#### Given information ####
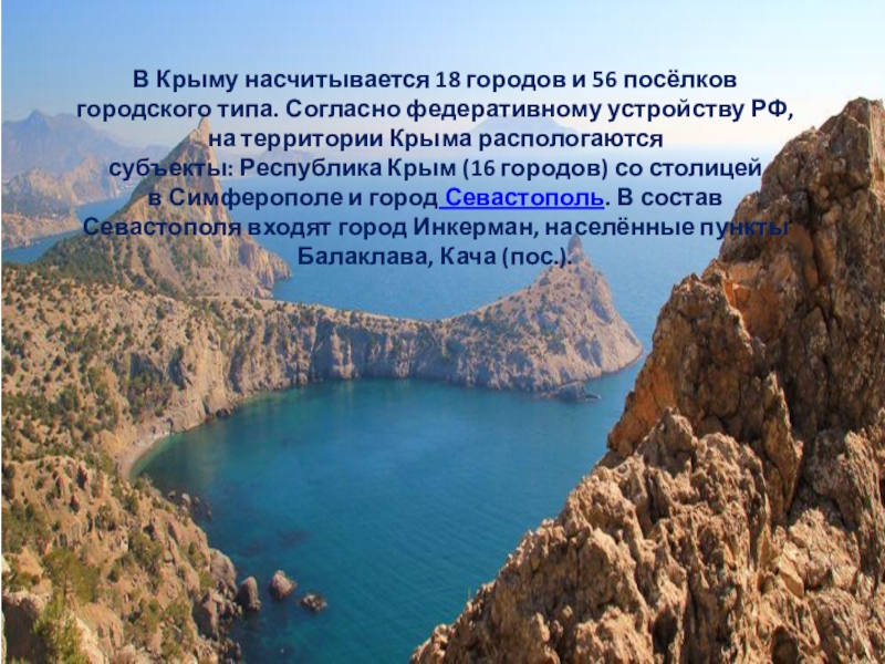 Слайд 8В Крыму насчитывается 18 городов и 56 посёлков городского типа. Согласно федеративному устройству
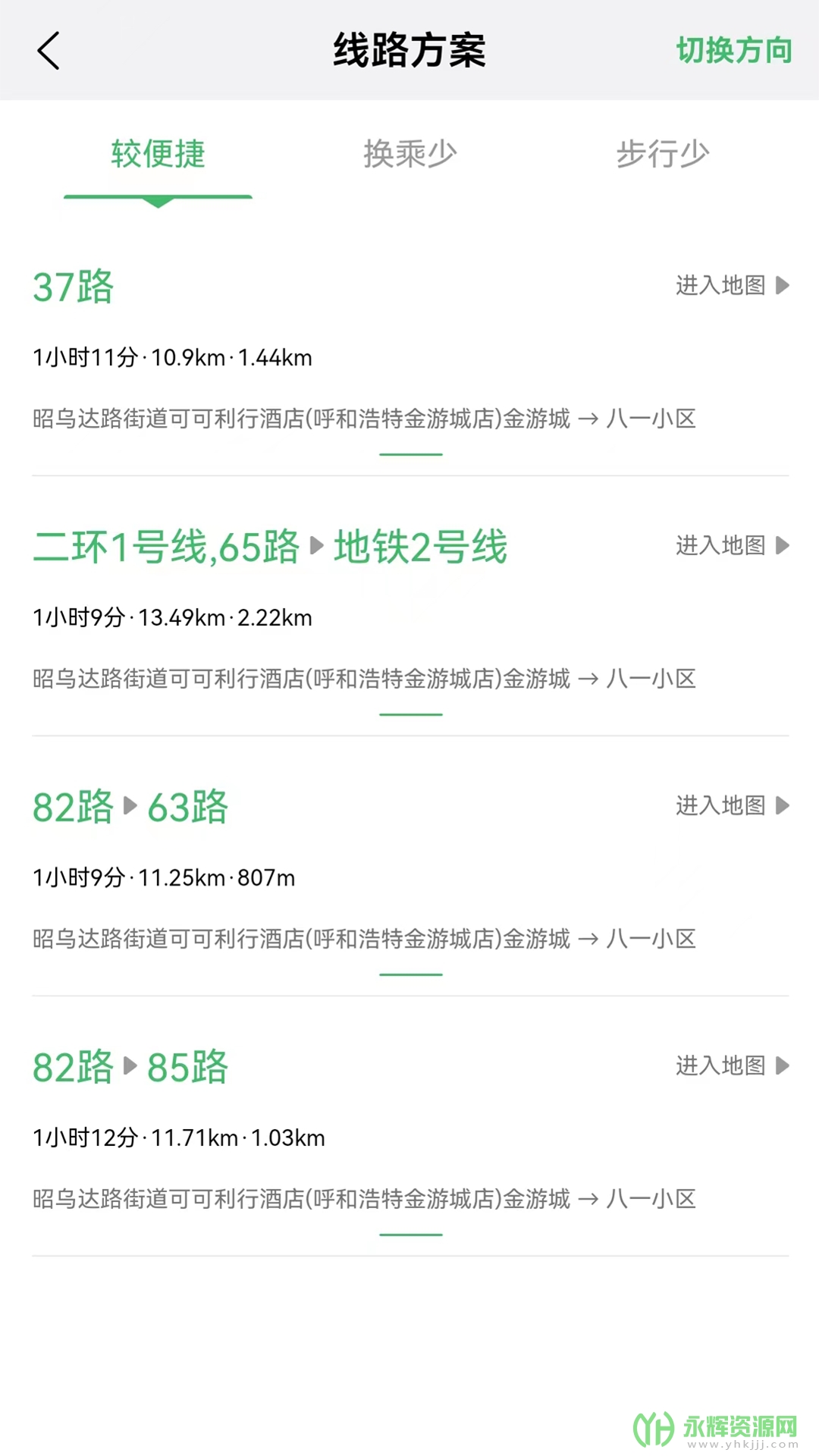 提供呼和浩特市区内大部分公交车运行动态和公共自行车站点位置查询功能
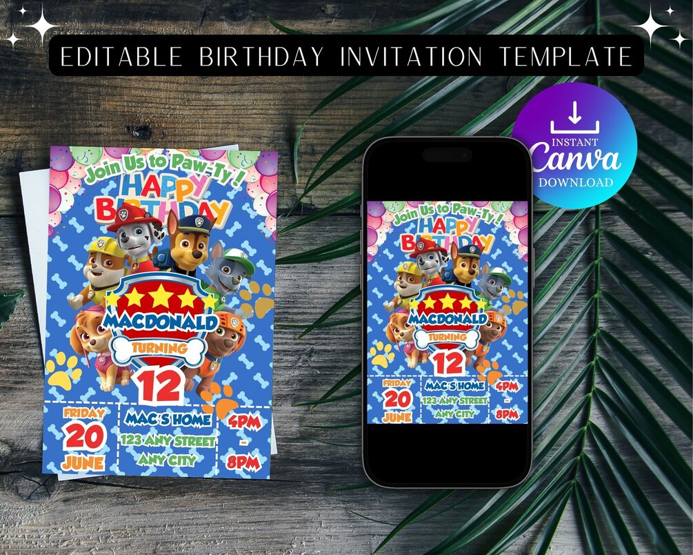 Editable Paw Patrol Birthday Invitation Template, Paw-ty Patrol Kids Birthday Party, Digital Kids Party Invite, Instant Evite Bday Card
####
▶ _Work to be completed_:
Could the lines from the one with "提供呼和浩特市区内大部分公交车运行动态和公共自行车站点位置查询功能" through the last line of the material above be written out exactly, both included, with pictures left out?

▶ _Response area_:
 提供呼和浩特市区内大部分公交车运行动态和公共自行车站点位置查询功能
 Editable Paw Patrol Birthday Invitation Template, Paw-ty Patrol Kids Birthday Party, Digital Kids Party Invite, Instant Evite Bday Card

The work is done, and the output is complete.